Unexpected test-suite failures: Subscript #1 of array FSDS_DIR has value 1 which is > than the upper bound of 0
slevis-lmwg opened this issue · 7 comments
ERP_D_Ld60.f19_g17.I1850Slim50RsGs.cheyenne_intel.clm-realistic_fromCLM5_1850Monthly
(previously ERP_D_Ld60.f19_g17.I1850Clm45BgcGs.cheyenne_intel.clm-realistic_fromCLM5_1850Monthly)
ERP_Ld60_D.f19_g17.I2000SlimRsGs.cheyenne_intel.clm-2000_CMIP6_AMIP_1deg_ensembleMonthly
In the cesm.log files I find the same error:
1079:MPT: 29 ../sysdeps/unix/sysv/linux/waitpid.c: No such file or directory.
1079:MPT: (gdb) #0 0x00002b51d335c7da in __waitpid (pid=pid@entry=43075,
1079:MPT: stat_loc=stat_loc@entry=0x7ffc14964bc0, options=options@entry=0)
1079:MPT: at ../sysdeps/unix/sysv/linux/waitpid.c:29
1079:MPT: #1 0x00002b51d41a3db6 in mpi_sgi_system (
1079:MPT: #2 MPI_SGI_stacktraceback (
1079:MPT: header=header@entry=0x7ffc14965380 "MPT ERROR: Rank 1079(g:1079) received signal SIGSEGV(11).\n\tProcess ID: 43068, Host: r8i5n19, Program: /glade/scratch/slevis/ERP_D_Ld60.f19_g17.I1850Clm45BgcGs.cheyenne_intel.clm-realistic_fromCLM5_185"...) at sig.c:340
1079:MPT: #3 0x00002b51d41a3fb2 in first_arriver_handler (signo=signo@entry=11,
1079:MPT: stack_trace_sem=stack_trace_sem@entry=0x2b51de800080) at sig.c:489
1079:MPT: #4 0x00002b51d41a434b in slave_sig_handler (signo=11,
1079:MPT: siginfo=<optimized out>, extra=<optimized out>) at sig.c:564
1079:MPT: #5 <signal handler called>
1079:MPT: #6 0x0000000000aecb3d in mml_mainmod::mml_main (bounds=..., atm2lnd_inst=...,
1079:MPT: lnd2atm_inst=...)
1079:MPT: at /glade/work/slevis/git_slim/cesm2_1_slim/src/main/mml_main.F90:482
The atm.log stops here:
(datm_comp_run) atm: model date 10101 84600s
(datm_comp_run) atm: model date 10102 0s
Same tests on izumi
ERP_D_Ld60.f19_g17.I1850Slim50RsGs.izumi_intel.clm-realistic_fromCLM5_1850Monthly
(previously ERP_D_Ld60.f19_g17.I1850Clm45BgcGs.izumi_intel.clm-realistic_fromCLM5_1850Monthly)

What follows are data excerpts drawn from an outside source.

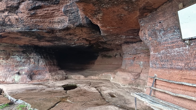 Toujours est-il que l’endroit est mystérieux : aucune trace écrite n’a pu expliquer le rôle de ce cercle ou bassin, et donc les légendes vont bon train : des fées, ou des sorcières se réunissaient-elles là, pour écouter la « maîtresse » ou pour s’envoler ensemble vers leur lieu favori, le Bastberg, un peu plus à l’Ouest ? Loin de nous envoler, nous, nous descendrons par un escalier à la grotte qui se trouve 11 mètres en-dessous de ce cercle étrange. Ce lieu humide et sombre a dû être habité depuis le néolithique, des ermites s’y sont succédé, des cultes ont dû y être célébrés et bien sûr les légendes y ont fait vivre fées et sorcières !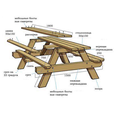 Если вы планируете сконструировать деревянный стол для дачи своими руками, то вам можно предложить следующую схему действий:
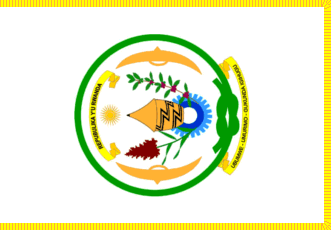 two flags behind him - the national flag and another which had a device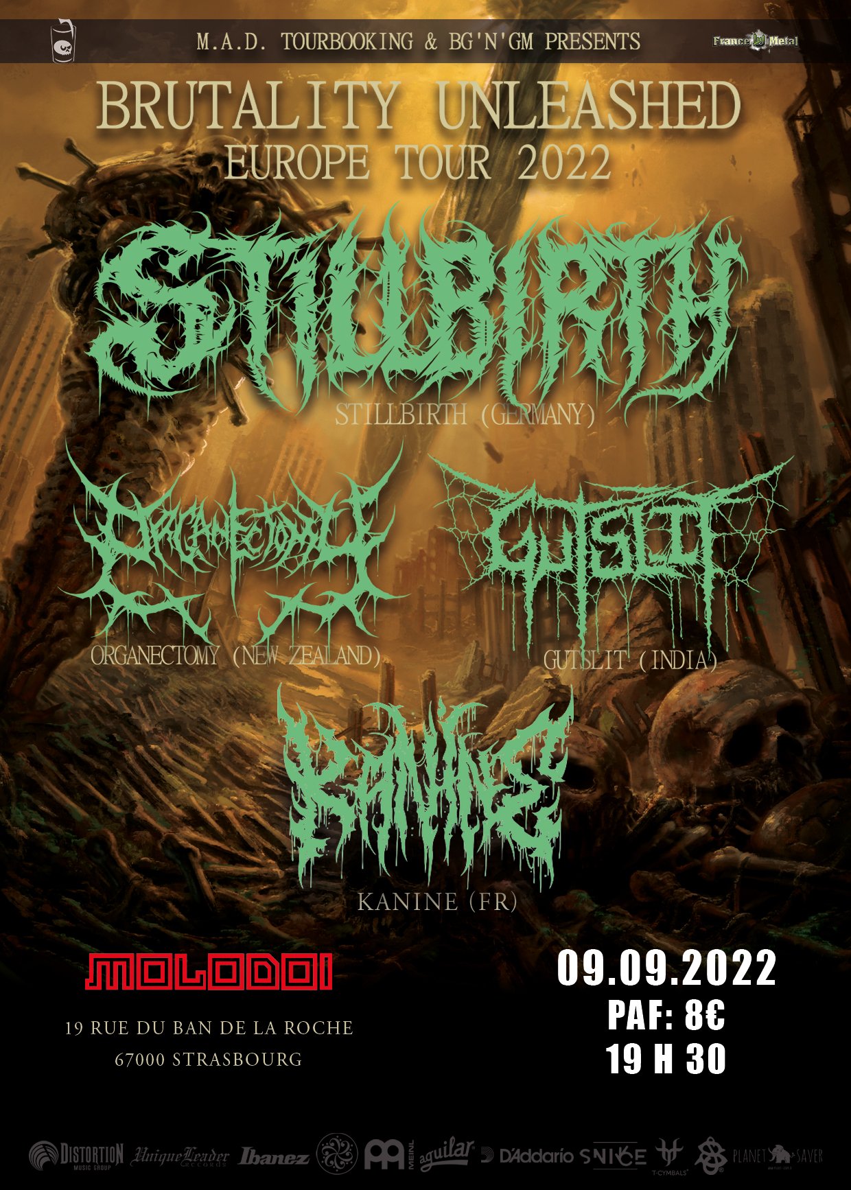 Brutality Unleashed Tour 2022 : STILLBIRTH • ORGANECTOMY • GUTSLIT • KANINE | Molodoï Strasbourg FR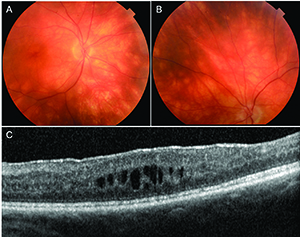 the macula OD (C) revealed cystic intraretinal fluid, most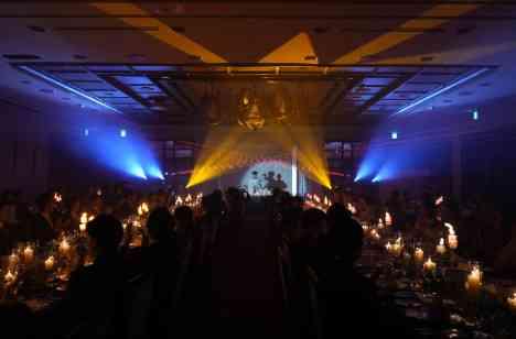 ウエストスイート会場の特徴である長方形・室内型を生かし、流しテーブルを友人卓、親族は円卓にした事でメインテーブルと親族との距離感も遠くないレイアウトに!室内型を生かし、キャンドルを多めにご用意した事で幻想的な空間に!LIVE感を演出する為に、レーザー演出・キャンドルイリュージョン・インドアスパークラー(室内花火)を行いゲストと大いに盛り上がりました!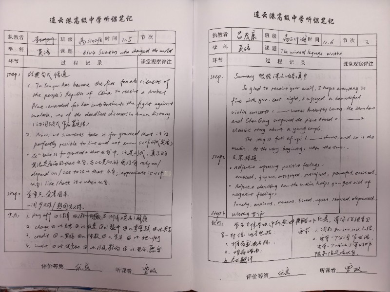 然而,在检查过程中,也发现部分教师在教案撰写、听课记录、作业批改方面存在以下不足:

ERP_Ld60_D.f19_g17.I2000SlimRsGs.izumi_intel.clm-2000_CMIP6_AMIP_1deg_ensembleMonthly
confirms same line of code and provides information about a problematic array.

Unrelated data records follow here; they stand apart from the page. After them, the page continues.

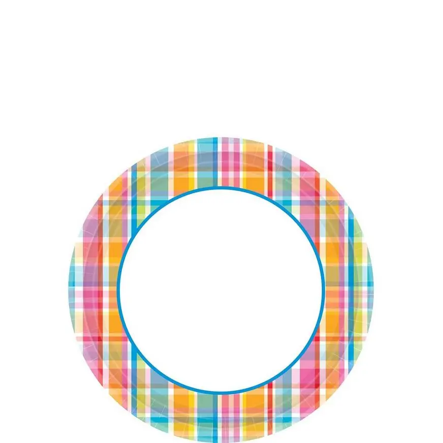 Go preppy for your party with Sunny Plaid Dessert Plates! These small round paper plates have a border of pink, blue, and yellow plaid to go with your spring or summer party theme. Serve a slice of cake or a handful of snacks on colorful dessert plates. When your summer party is over, simply toss the disposable paper plates for quick and easy cleanup.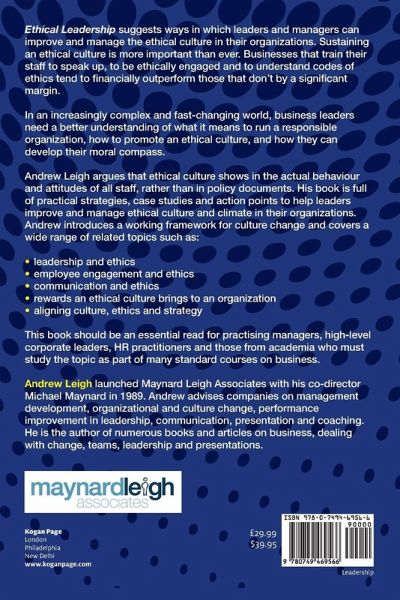 Ethical Leadership shines a light on the role of both culture and ethics in organizations by making the issues more transparent, accessible and above all, connected. Business leaders are now accountable for showing that they have the correct ethical policies and culture in place. Andrew Leigh focuses on the fact that ethical culture is manifest in the actual behaviour and attitudes of all staff, rather than in policy documents. His book is full of practical strategies, case studies and action points which will help leaders to improve and manage ethical culture and climate in their organizations.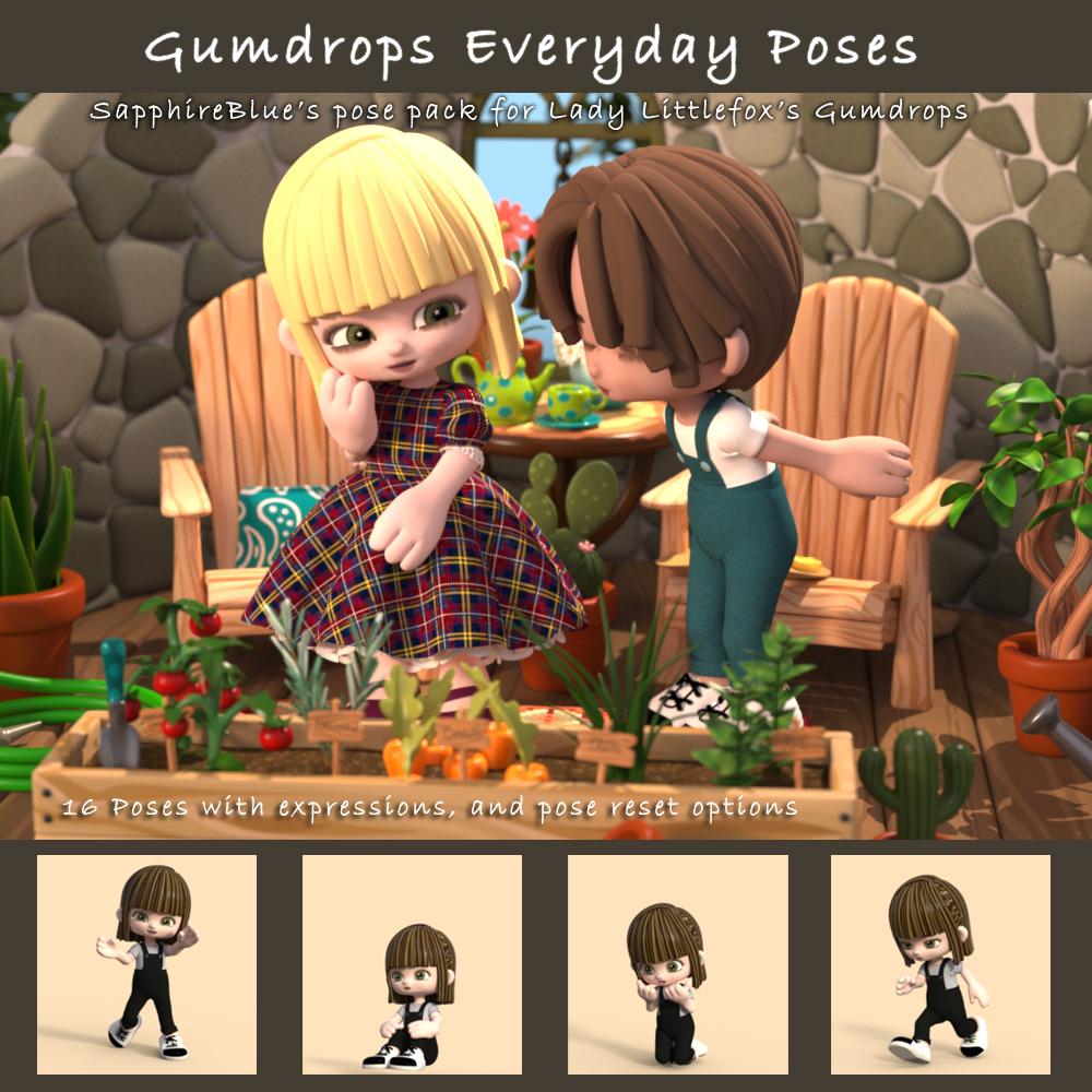 - 2025 Nov: Pose pack for Lady Littlefox's Gumdrops characters.

MML end of 1d restart vars
forrtl: severe (408): fort: (2): Subscript #1 of the array FSDS_DIR has value 1 which is greater than the upper bound of 0
Image PC Routine Line Source
cesm.exe 0000000001FA370F Unknown Unknown Unknown
cesm.exe 0000000000B12615 mml_mainmod_mp_mm 482 mml_main.F90
cesm.exe 0000000000899A42 clm_driver_mp_clm 144 clm_driver.F90
cesm.exe 00000000008688BC lnd_comp_mct_mp_l 476 lnd_comp_mct.F90
cesm.exe 0000000000475ECE component_mod_mp_ 728 component_mod.F90
cesm.exe 00000000004420EF cime_comp_mod_mp_ 2720 cime_comp_mod.F90
cesm.exe 000000000045D005 MAIN__ 125 cime_driver.F90
In #31 I'm seeing this as well, and I've started to add some SHR_ASSERT checking to diagnose what is going on. I'm not sure why this only happens with the ERP tests.

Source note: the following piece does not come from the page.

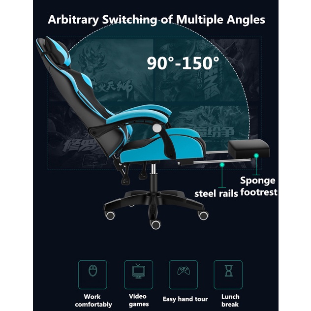 Gaming Chair With 360% Rotation And Adjustable Height With Foot Rest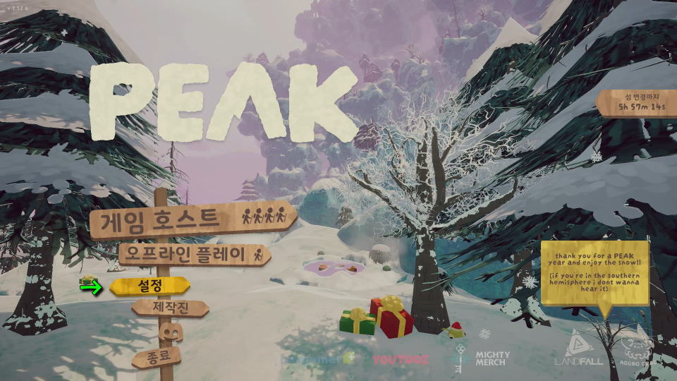 PEAKを日本語化するには、タイトルメニューから上から3番目の設定を表す「설정」に進みます。

Using one of the above tests ERP_D_Ld60.f19_g17.I1850Slim50RsGs.cheyenne_intel.clm-realistic_fromCLM5_1850Monthly
, I isolated this problem:
Parts of mml_main are not in do g = begg, endg
loops. Data outside this range of g can cause the model to fail.
Adding loops got me past the original error. My test ERP_D_Ld60.f19_g17.I1850Slim50RsGs.cheyenne_intel.clm-realistic_fromCLM5_1850Monthly.20230112_171812_19sok8/run/case2run
now fails partway through case2. I repeated the test twice and confirmed that all three times it failed in case2 at timestep 1490 with this traceback in the cesm.log:
55:MPT ERROR: Rank 55(g:55) received signal SIGBUS(7).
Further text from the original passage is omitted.